James Kwong  Calif. Depart. of H2O Resources, Sacramento, CA 95802
ucdavis.edu!caldwr!kwongj (Internet) ...!ucbvax!ucdavis!caldwr!kwongj (UUCP)

-- 
James Kwong  Calif. Depart. of H2O Resources, Sacramento, CA 95802
ucdavis.edu!caldwr!kwongj (Internet) ...!ucbvax!ucdavis!caldwr!kwongj (UUCP)
"Our program who art in memory, HELLO be thy name.. "
The opinions expressed above are mine, not those of the State of California or the California Department of Water Resources.

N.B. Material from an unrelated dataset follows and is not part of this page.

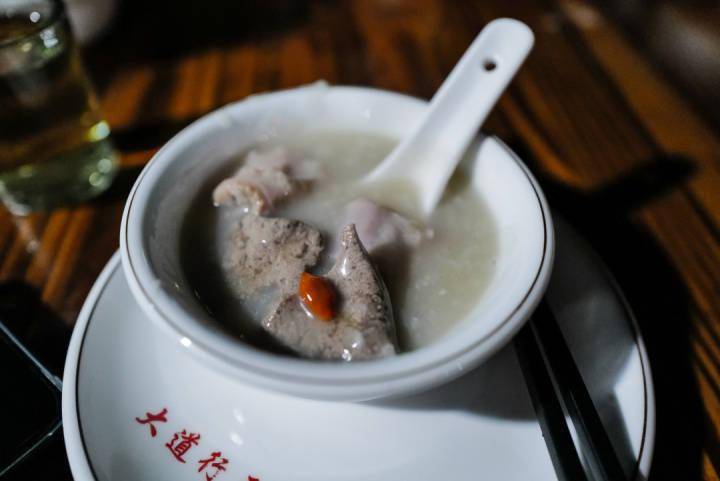 招牌的豬雜粥,豬肝、粉腸、豬心……加上綿滑招牌粥底生滾出一煲非常接地氣的廣式豬雜粥。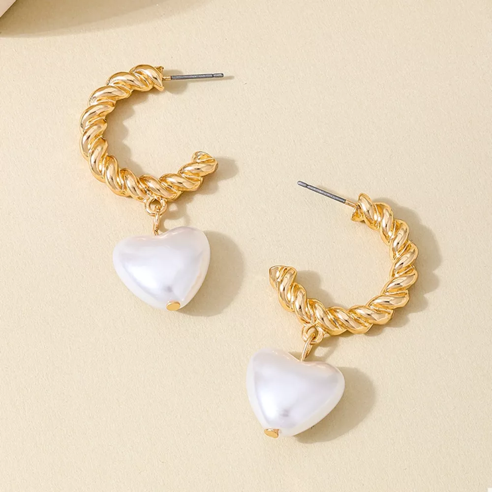 18K Gold-Plated Hoop Earrings with Heart Pendant

rees@apollo.uucp (Jim Rees) (02/19/88)

Note that "disk block header error" usually means that the block was read
OK, but had funky stuff in the block header.  This does not imply a disk
read error, and any attempt to put the block in the badspot list will only
make things worse.

The block header is an extra thing stuck in front of the data that
contains useful stuff like the uid of the object that the data came
from.  In theory this makes it easier to salvage the disk if something
goes wrong.  I think this idea came from Parc, where it was used in
the Alto file systems.

There are various programs in /systest/ssr_util (rwvol, fixvol) that
can read and display block headers.  But take the warnings seriously --
you can screw up your disk with these if you don't know what you're
doing.